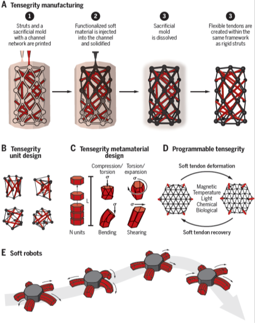 针对此问题,研究团队回顾并分析了传统的张拉整体结构,并着重介绍了Science Robotics近期报道的一种新的张拉整体结构加工方法。该方法可以快速完成磁性软材料和刚性杆件的一体化制造,并可用于加工具有压扭/拉扭、力学性能可编程等特性的张拉整体结构力学超材料,应用于软体机器人设计 ( https://doi.org/10.1126/scirobotics.aay9024)。基于这种超材料的软体机器人在磁场或电机驱动下可实现翻滚、定向爬行等多种运动模式。研究团队认为该一体化制造方法成功地将功能化软材料网络和孤立的刚性杆快速有效地集成在一起,为制造多尺度、多材料的可编程张拉整体结构提供了可行方法。
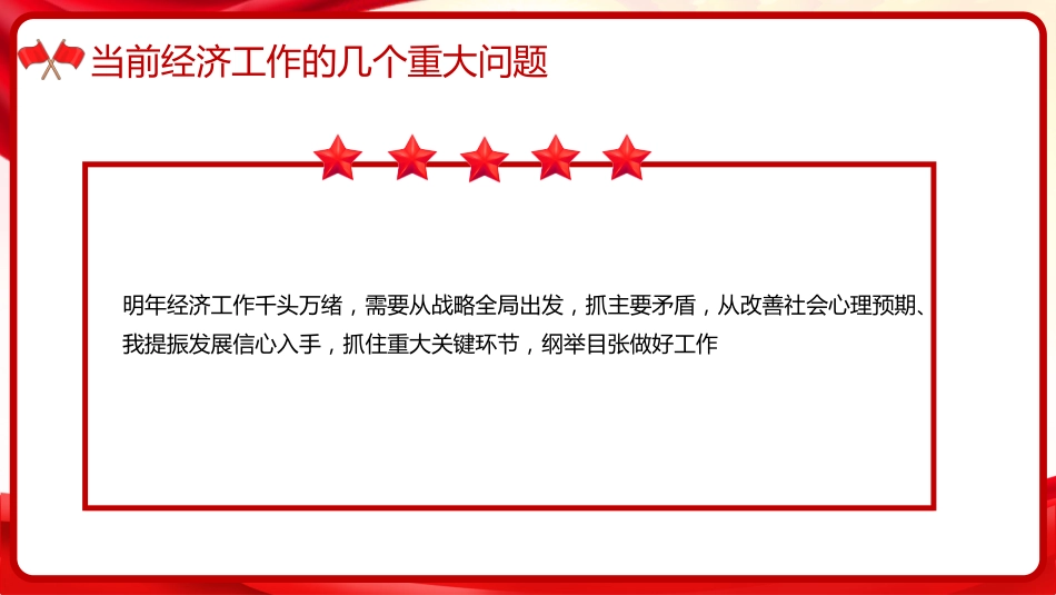 【第四章】治國(guó)理政第五卷全文學(xué)習(xí)因地制宜發(fā)展新質(zhì)生產(chǎn)力,實(shí)現(xiàn)高質(zhì)量發(fā)展匯報(bào)人:xx匯報(bào)時(shí)間:20XX第一部分當(dāng)前經(jīng)濟(jì)工作的幾個(gè)重大問題【2022年12月15日】版權(quán)歸屬xi87.cn,官網(wǎng)xi87.cn當(dāng)前經(jīng)濟(jì)工作的幾個(gè)重大問題明年經(jīng)濟(jì)工作千頭萬(wàn)緒,需要從戰(zhàn)略全局出發(fā),抓主要矛盾,從改善社會(huì)心理預(yù)期、我提振發(fā)展信心入手,抓住重大關(guān)鍵環(huán)節(jié),綱舉目張做好工作當(dāng)前經(jīng)濟(jì)工作的幾個(gè)重大問題?總需求不足是當(dāng)前經(jīng)濟(jì)運(yùn)行面臨的突出矛盾。必須大力實(shí)施擴(kuò)大內(nèi)需戰(zhàn)略,采取更加有力的措施,使社會(huì)再生產(chǎn)實(shí)現(xiàn)良性循環(huán)。我國(guó)通過擴(kuò)大內(nèi)需有效應(yīng)對(duì)了1998年亞洲金融危機(jī)、2008年國(guó)際金融危...
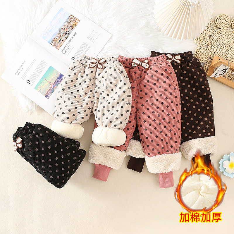 女童加绒加棉长裤外穿女宝宝一条过冬棉裤小女孩冬季三层加厚裤子

───

**THE PROBLEM:** Pictures excluded, quote all the data above exactly.

**RESPONSE TO THE EXERCISE:**
 针对此问题,研究团队回顾并分析了传统的张拉整体结构,并着重介绍了Science Robotics近期报道的一种新的张拉整体结构加工方法。该方法可以快速完成磁性软材料和刚性杆件的一体化制造,并可用于加工具有压扭/拉扭、力学性能可编程等特性的张拉整体结构力学超材料,应用于软体机器人设计 ( https://doi.org/10.1126/scirobotics.aay9024)。基于这种超材料的软体机器人在磁场或电机驱动下可实现翻滚、定向爬行等多种运动模式。研究团队认为该一体化制造方法成功地将功能化软材料网络和孤立的刚性杆快速有效地集成在一起,为制造多尺度、多材料的可编程张拉整体结构提供了可行方法。
 【第四章】治國(guó)理政第五卷全文學(xué)習(xí)因地制宜發(fā)展新質(zhì)生產(chǎn)力,實(shí)現(xiàn)高質(zhì)量發(fā)展匯報(bào)人:xx匯報(bào)時(shí)間:20XX第一部分當(dāng)前經(jīng)濟(jì)工作的幾個(gè)重大問題【2022年12月15日】版權(quán)歸屬xi87.cn,官網(wǎng)xi87.cn當(dāng)前經(jīng)濟(jì)工作的幾個(gè)重大問題明年經(jīng)濟(jì)工作千頭萬(wàn)緒,需要從戰(zhàn)略全局出發(fā),抓主要矛盾,從改善社會(huì)心理預(yù)期、我提振發(fā)展信心入手,抓住重大關(guān)鍵環(huán)節(jié),綱舉目張做好工作當(dāng)前經(jīng)濟(jì)工作的幾個(gè)重大問題?總需求不足是當(dāng)前經(jīng)濟(jì)運(yùn)行面臨的突出矛盾。必須大力實(shí)施擴(kuò)大內(nèi)需戰(zhàn)略,采取更加有力的措施,使社會(huì)再生產(chǎn)實(shí)現(xiàn)良性循環(huán)。我國(guó)通過擴(kuò)大內(nèi)需有效應(yīng)對(duì)了1998年亞洲金融危機(jī)、2008年國(guó)際金融危...
 女童加绒加棉长裤外穿女宝宝一条过冬棉裤小女孩冬季三层加厚裤子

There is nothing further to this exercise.